What is required:
Transcribe, starting at the line with "Pesquisa Quaest mostra" and ending at the line with "استعلام بها و", every line of the material below exactly, but leave out the pictures and anything outside that span.

The data:
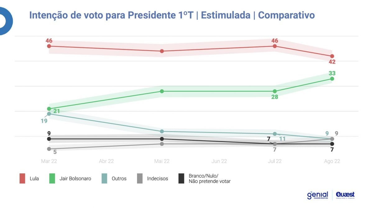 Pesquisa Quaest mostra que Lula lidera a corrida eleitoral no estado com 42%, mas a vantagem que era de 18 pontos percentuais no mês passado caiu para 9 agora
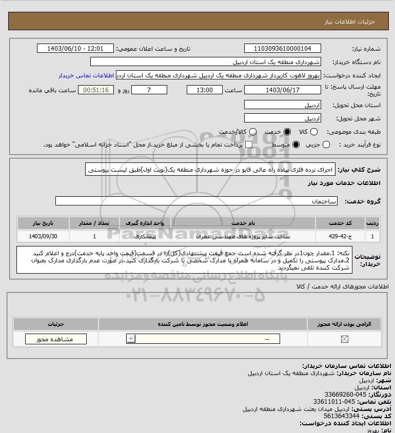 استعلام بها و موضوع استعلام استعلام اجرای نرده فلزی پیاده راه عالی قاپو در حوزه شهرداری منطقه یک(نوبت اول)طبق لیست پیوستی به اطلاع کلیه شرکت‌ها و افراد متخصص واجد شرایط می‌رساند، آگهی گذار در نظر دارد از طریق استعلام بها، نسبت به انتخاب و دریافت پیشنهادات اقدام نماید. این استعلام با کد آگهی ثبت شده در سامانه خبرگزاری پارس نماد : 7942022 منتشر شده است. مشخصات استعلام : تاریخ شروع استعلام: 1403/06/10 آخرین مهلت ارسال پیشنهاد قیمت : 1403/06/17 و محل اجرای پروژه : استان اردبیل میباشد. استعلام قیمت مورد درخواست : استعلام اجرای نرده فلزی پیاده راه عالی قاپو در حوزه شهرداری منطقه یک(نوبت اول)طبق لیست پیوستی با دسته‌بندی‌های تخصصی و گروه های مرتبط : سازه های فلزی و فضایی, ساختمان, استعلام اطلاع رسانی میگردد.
---
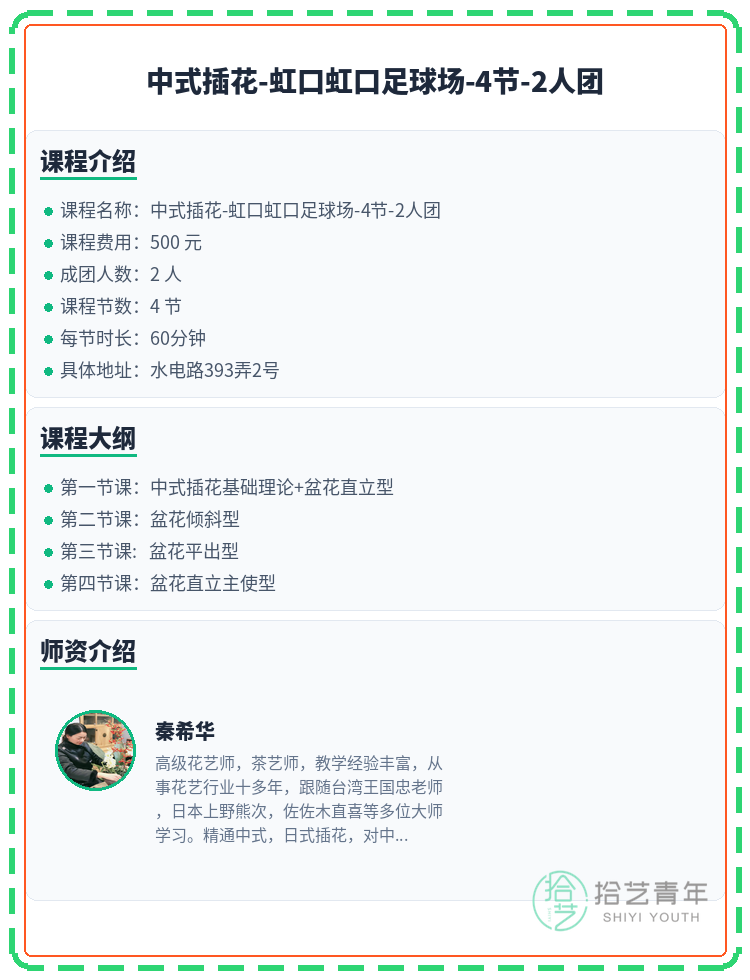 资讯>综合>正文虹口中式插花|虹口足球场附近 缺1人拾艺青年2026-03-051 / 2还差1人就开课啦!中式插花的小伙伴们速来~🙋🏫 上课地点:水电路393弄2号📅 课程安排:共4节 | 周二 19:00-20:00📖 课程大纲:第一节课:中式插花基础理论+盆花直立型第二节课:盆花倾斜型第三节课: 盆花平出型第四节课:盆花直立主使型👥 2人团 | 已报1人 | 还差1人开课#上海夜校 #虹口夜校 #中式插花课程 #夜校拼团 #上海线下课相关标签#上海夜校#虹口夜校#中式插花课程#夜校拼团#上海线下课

Response to this task:
 Pesquisa Quaest mostra que Lula lidera a corrida eleitoral no estado com 42%, mas a vantagem que era de 18 pontos percentuais no mês passado caiu para 9 agora
 استعلام بها و موضوع استعلام استعلام اجرای نرده فلزی پیاده راه عالی قاپو در حوزه شهرداری منطقه یک(نوبت اول)طبق لیست پیوستی به اطلاع کلیه شرکت‌ها و افراد متخصص واجد شرایط می‌رساند، آگهی گذار در نظر دارد از طریق استعلام بها، نسبت به انتخاب و دریافت پیشنهادات اقدام نماید. این استعلام با کد آگهی ثبت شده در سامانه خبرگزاری پارس نماد : 7942022 منتشر شده است. مشخصات استعلام : تاریخ شروع استعلام: 1403/06/10 آخرین مهلت ارسال پیشنهاد قیمت : 1403/06/17 و محل اجرای پروژه : استان اردبیل میباشد. استعلام قیمت مورد درخواست : استعلام اجرای نرده فلزی پیاده راه عالی قاپو در حوزه شهرداری منطقه یک(نوبت اول)طبق لیست پیوستی با دسته‌بندی‌های تخصصی و گروه های مرتبط : سازه های فلزی و فضایی, ساختمان, استعلام اطلاع رسانی میگردد.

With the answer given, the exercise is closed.